Department of Clinical Pharmacy, Graduate School of Pharmaceutical Sciences (D.O., M.Y., A.N., T.H., T.I., T.M.), and Educational Research Center for Clinical Pharmacy, Faculty of Pharmaceutical Sciences (T.A., Y.K., I.O., T.H., T.I., T.M.), Nagoya City University, Nagoya, Japan.
Department of Clinical Pharmacy, Graduate School of Pharmaceutical Sciences (D.O., M.Y., A.N., T.H., T.I., T.M.), and Educational Research Center for Clinical Pharmacy, Faculty of Pharmaceutical Sciences (T.A., Y.K., I.O., T.H., T.I., T.M.), Nagoya City University, Nagoya, Japan
Drug Metab Dispos. 2018 Nov;46(11):1572-1580. doi: 10.1124/dmd.118.080374. Epub 2018 Apr 3.
Intestinal organoids morphologically resemble intestinal tissues and are expected to be used in both regenerative medicine and drug development studies, including pharmacokinetic studies. However, the pharmacokinetic properties of these organoids remain poorly characterized. In this study, we aimed to generate pharmacokinetically functional intestinal organoids from human induced pluripotent stem (iPS) cells. Human iPS cells were induced to differentiate into the midgut and then seeded on EZSPHERE plates (AGC Techno Glass Inc., Shizuoka, Japan) to generate uniform spheroids, and the floating spheroids were subsequently differentiated into intestinal organoids using small-molecule compounds. Exposure to the small-molecule compounds potently increased the expression of intestinal markers and pharmacokinetic-related genes in the organoids, and the organoids also included various intestinal cells such as enterocytes, intestinal stem cells, goblet cells, enteroendocrine cells, Paneth cells, smooth muscle cells, and fibroblasts. Moreover, microvilli and tight junctions were observed in the organoids. Furthermore, we detected not only the expression of drug transporters but also efflux transport activity through ABCB1/MDR1 and the induction of the drug-metabolizing enzyme CYP3A4 by ligands of nuclear receptors. Our results demonstrated the successful generation of pharmacokinetically functional intestinal organoids from human iPS cells. Thus, these intestinal organoids could be used as a pharmacokinetic evaluation system in drug development studies.

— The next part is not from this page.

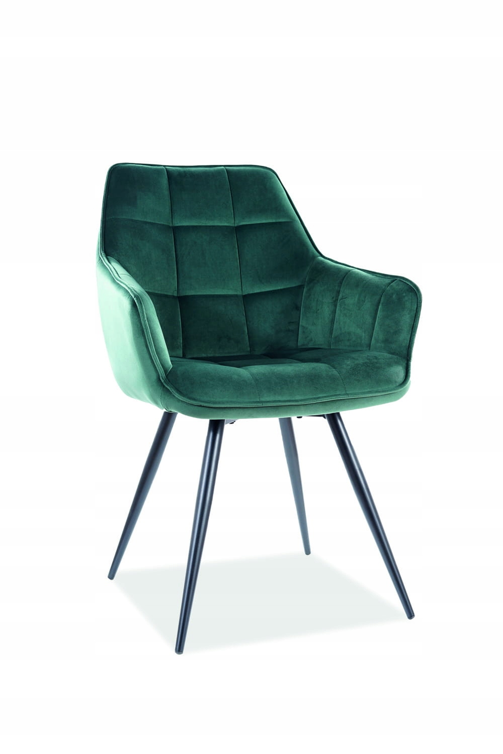 Stabilny, metalowy stelaż w kolorze czarnym idealnie dopasowuje się do aksamitnej tapicerki. Krzesło jest bardzo wygodne dzięki szerokiemu, miękkiemu siedzisku oraz podłokietnikami. Zapewnia komfort nawet podczas długiego użytkowania.

肠类器官在形态上类似于肠组织,预计将被用于再生医学和药物开发研究,包括药代动力学研究。然而,这些类器官的药代动力学特性仍未得到很好的描述。在这项研究中,我们旨在从人诱导多能干细胞(iPS 细胞)中生成具有药代动力学功能的肠类器官。人 iPS 细胞被诱导分化为中肠,然后接种到 EZSPHERE 平板(AGC Techno Glass Inc.,静冈,日本)上以生成均匀的球体,然后使用小分子化合物将漂浮的球体分化为肠类器官。小分子化合物的暴露强烈增加了类器官中肠标志物和药代动力学相关基因的表达,并且类器官还包含各种肠细胞,如肠上皮细胞、肠干细胞、杯状细胞、肠内分泌细胞、潘氏细胞、平滑肌细胞和成纤维细胞。此外,在类器官中观察到微绒毛和紧密连接。此外,我们不仅检测到了药物转运体的表达,还检测到了通过 ABCB1/MDR1 的外排转运活性,以及核受体配体对药物代谢酶 CYP3A4 的诱导。我们的结果表明,从人 iPS 细胞中成功生成了具有药代动力学功能的肠类器官。因此,这些肠类器官可以用作药物开发研究中的药代动力学评价系统。